Sunday, March 6, 2011

Economic vertigo: $2B as small potatoes

S'morning's reading makes me dizzy.

First, was looking at a column by SF Chronicle business editor Andrew Ross (embargoed now; available here Tuesday) about the lack of perp walks in the financial crisis recovery. He quotes heavily from the indignation of "Inside Job" filmmaker Charlie Ferguson, interviewed at the Commonwealth Club, which, he notes, has posted over an hour of Ferguson's entertaining talk on YouTube here. There's also a bit from the club's separate appearance by Phil Angelides regarding the Financial Crisis Inquiry Commission report (seriously well-written good reading, by the way), and how everybody asks him why top executives aren't in prison. "Prosecutors need to do their job," Angelides says. Well, yes.

Then I got to the HUD Inspector General's semiannual report.
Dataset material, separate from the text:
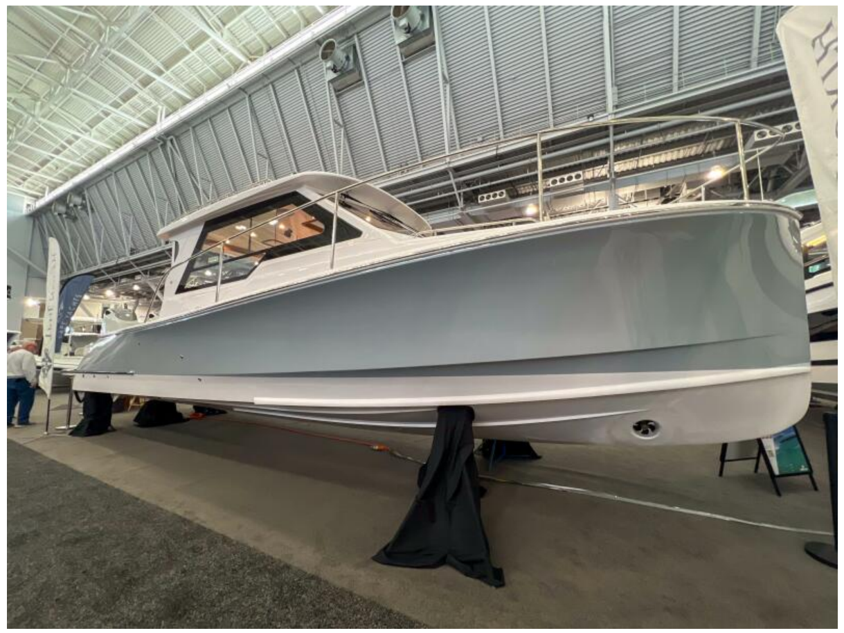
True North 34

It claims many accumulated successes in the millions of dollars, but crows most happily about its prosecution of executives at one middling mortgage company:
"Lee Farkas, a former chairman of Taylor, Bean & Whitaker Mortgage Corporation (TBW), an FHA-approved direct endorsement lender and Government National Mortgage Association (Ginnie Mae) issuer, was arrested after his indictment in U.S. District Court, Ocala, FL, for allegedly committing conspiracy and bank, wire, and securities fraud. Farkas and others were indicted for allegedly selling phony or previously pledged loans to investors in the secondary mortgage market and causing TBW to submit false statements to HUD and Ginnie Mae. HUD and these programs experienced almost $2 billion in losses."
The weirdness being that Farkas & Co., having cost us two billion dollars, are nowhere near the level Ferguson and Angelides are discussing.

[P.S. Sad bit, midway through the Ferguson interview: he says Obama Administration people, including some he knew personally, wouldn't talk to him for the film, not even off the record. Also, listening further, it's clearer that Ferguson, speaking the day before Angelides, was challenging Angelides to say more definitely that somebody ought to be under arrest.]